- Task brief:
Begin at the top of the entries below and write out every line through the one containing "In the experiment, the", excluding pictures.

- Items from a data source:
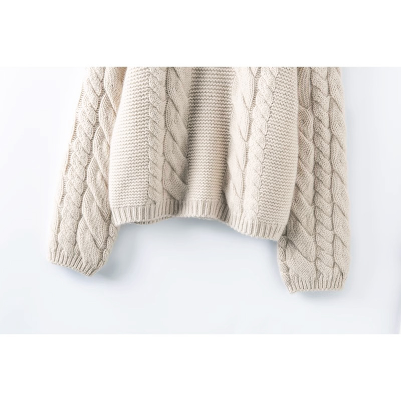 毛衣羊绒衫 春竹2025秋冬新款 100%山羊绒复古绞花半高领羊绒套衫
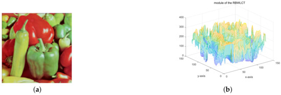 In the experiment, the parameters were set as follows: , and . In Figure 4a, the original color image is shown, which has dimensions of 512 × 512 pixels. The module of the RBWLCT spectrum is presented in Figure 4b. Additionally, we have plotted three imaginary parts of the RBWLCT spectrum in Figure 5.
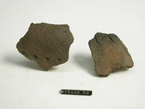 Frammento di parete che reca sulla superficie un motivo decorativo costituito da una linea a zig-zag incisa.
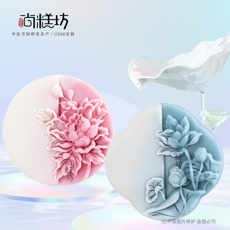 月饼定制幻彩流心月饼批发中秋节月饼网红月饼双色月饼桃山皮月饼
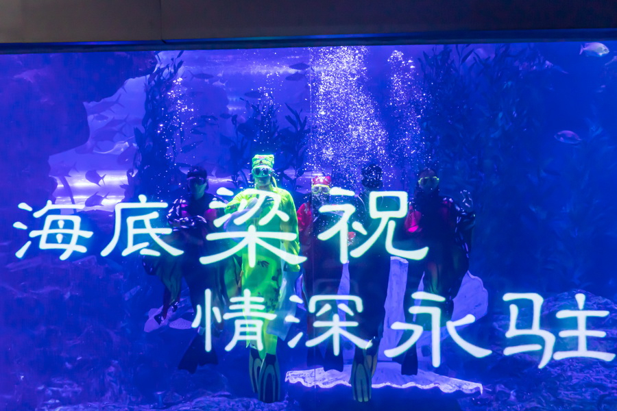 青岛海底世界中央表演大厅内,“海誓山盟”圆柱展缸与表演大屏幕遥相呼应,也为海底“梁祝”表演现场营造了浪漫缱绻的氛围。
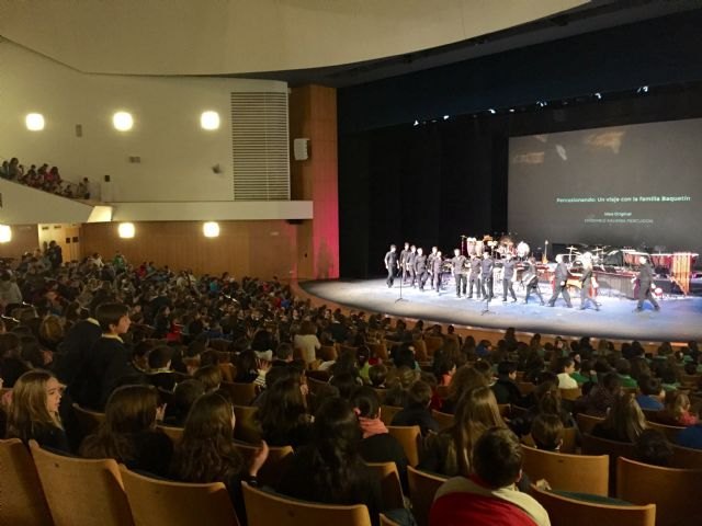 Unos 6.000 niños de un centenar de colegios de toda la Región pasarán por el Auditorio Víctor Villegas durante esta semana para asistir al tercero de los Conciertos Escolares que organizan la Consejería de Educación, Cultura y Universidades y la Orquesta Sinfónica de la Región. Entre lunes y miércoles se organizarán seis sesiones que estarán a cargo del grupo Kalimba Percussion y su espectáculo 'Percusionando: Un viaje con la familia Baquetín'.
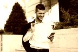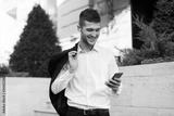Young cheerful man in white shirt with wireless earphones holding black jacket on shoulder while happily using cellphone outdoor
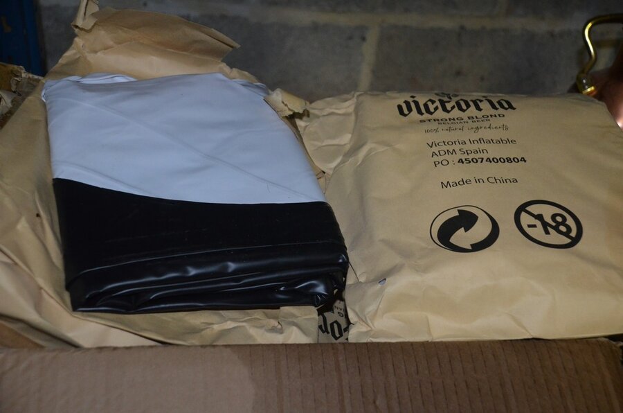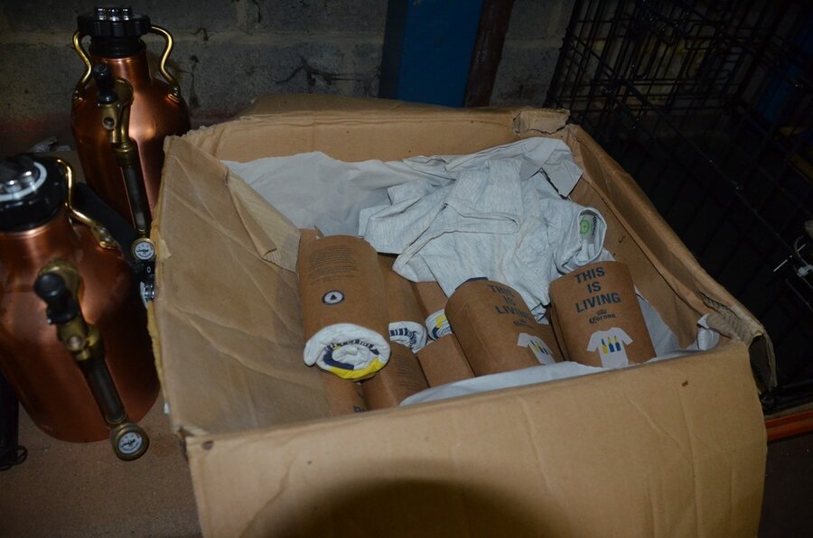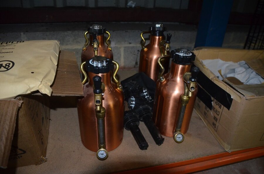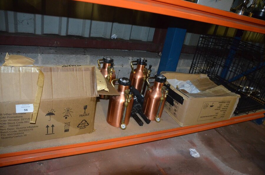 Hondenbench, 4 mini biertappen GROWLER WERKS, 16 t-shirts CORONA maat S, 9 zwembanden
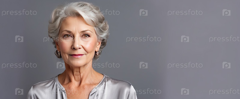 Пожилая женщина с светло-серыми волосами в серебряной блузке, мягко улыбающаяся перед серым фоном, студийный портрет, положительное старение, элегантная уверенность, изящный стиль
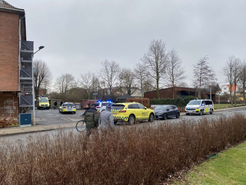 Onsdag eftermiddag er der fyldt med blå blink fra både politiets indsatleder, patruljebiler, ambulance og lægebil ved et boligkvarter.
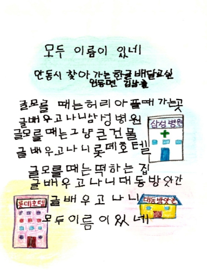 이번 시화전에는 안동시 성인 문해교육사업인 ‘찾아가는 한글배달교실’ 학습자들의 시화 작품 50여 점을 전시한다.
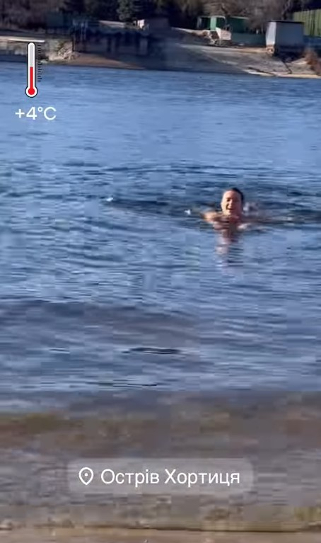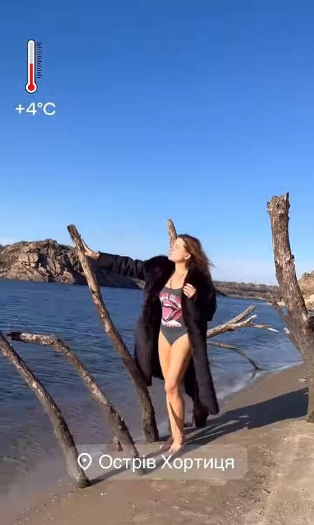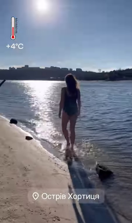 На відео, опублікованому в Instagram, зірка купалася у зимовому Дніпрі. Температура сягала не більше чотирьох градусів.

- Task response:
 毛衣羊绒衫 春竹2025秋冬新款 100%山羊绒复古绞花半高领羊绒套衫
 In the experiment, the parameters were set as follows: , and . In Figure 4a, the original color image is shown, which has dimensions of 512 × 512 pixels. The module of the RBWLCT spectrum is presented in Figure 4b. Additionally, we have plotted three imaginary parts of the RBWLCT spectrum in Figure 5.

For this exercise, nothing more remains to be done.